Home CAKRAWALA SOSIAL DAN BUDAYA Hutan Wanagama Sebagai Wahana Pembelajaran Atraktif

Hutan Wanagama Sebagai Wahana Pembelajaran Atraktif

Komentar Dinonaktifkan pada Hutan Wanagama Sebagai Wahana Pembelajaran Atraktif
0
254

GUNUNG KIDUL – Sebagian hutan pendidikan Wanagama di Kecamatan Playen, Kabupaten Gunung Kidul, Daerah Istimewa Yogyakarta, milik Universitas Gadjah Mada Yogyakarta menjadi wahana pembelajaran yang atraktif, salah satunya melalui Wanagama Paksi.

CELEBES NEWS – Dirjen Konservasi Sumber Daya Alam dan Ekosistem Kementerian Lingkungan Hidup dan Kehutanan Wiratno di Gunung Kidul, Minggu (4/2/2018), mengatakan satwa maupun tumbuhan liar di dalam hutan dan disekitarnya termasuk komponen yang sangat penting untuk menjaga keseimbangan alam. Burung dan satwa liar lainnya yang hidup di dalam hutan harus tetap terjaga kelestariannya.

Oleh karena itu, pembangunan “Dome Wanagama Paksi” dapat menjadi sarana pelestarian burung sekaligus dapat menjadi objek dan daya tarik wisata untuk kawasan ini, khususnya untuk wisata pendidikan dan konservasi alam.

“Selaras dengan misi Hutan Pendidikan Wanagama I sebagai tempat edukasi dan konservasi alam, maka pembangunan Dome Wanagama Paksi ini diharapkan dapat mendukung upaya dan komitmen dari misi pelestarian satwa,” katanya.

Sebagai informasi, pembangunan Wanagama Paksi dikarenakan Wanagama yang terus memberikan kontribusi nyata dalam pembangunan di Indonesia membuat Kementerian Lingkungan Hidup dan Kehutanan Republik Indonesia memperpanjang ijin pengelolaan Wanagama melalui SK 493/Menlhk-Setjen/2015 sebagai KHDTK dengan luasan 622,25 ha.
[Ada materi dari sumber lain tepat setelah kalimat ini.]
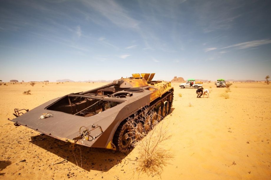 Čad si prošel mnoha náročnými obdobími, několikaletými válkami ať už je to dlouholetá občanská válka z konce 60tých do počátku 80tých let nebo libyjsko-čadské od druhé poloviny 70tých do druhé poloviny 80tých let. Nebo občanská válka z let 21stol a další a další a další. Po těžkých bojích v nehostinných podmínkách pouště tu zbyla obrovská pohřebiště vojenské techniky. Osmirglovaná pískem, vyleštěná do lesku a stále ve velmi dobrém stavu, zde tiše v poušti odpočívá jako svědek bojů o moc a území.

Atas dasar fungsi edukasi di ini maka Wanagama di arahkan menjadi Eco Edu Forest (WG-Eco Edu Forest).

Wanagama Paksi dibangun di Petak 16 atas dukungan dari berbagai pihak, di antaranya Gunma Safari Park dari Jepang, Kementerian Lingkungan Hidup dan Kehutanan (KLHK), Taman Safari Indonesia (TSI), Yayasan Alumni Fakultas Kehutanan Angkatan 1975 (Yayasan Toemo Silva Gama), dan Kebun Binatang Gembira Loka. Wanagama Paksi saat ini berupa bangunan dome yang berisi puluhan jenis burung sebagai media pembelajaran yang atraktif tentang konservasi keanekaragaman hayati Indonesia.

Lebih lanjut Wiratno sangat mengapresiasi dengan terwujudnya wadah untuk akselerasi pengetahuan tentang Aves dan kegiatan konservasi burung yang ada di Indonesia.

“Pembangunan Dome Wanagama Paksi ini tentu saja mendapat dukungan dari para pihak. Ucapan terima kasih saya sampaikan kepada Yayasan Gunma Safari Park, PT Taman Safari Indonesia, Yayasan Toema yang turut andil dalam mendukung komitmen konservasi sehingga dapat dibangun Dome.

Wanagama Paksi sebagai tempat untuk kegiatan edukasi konservasi kepada masyarakat umum, khususnya pelajar dan mahasiawa,” katanya.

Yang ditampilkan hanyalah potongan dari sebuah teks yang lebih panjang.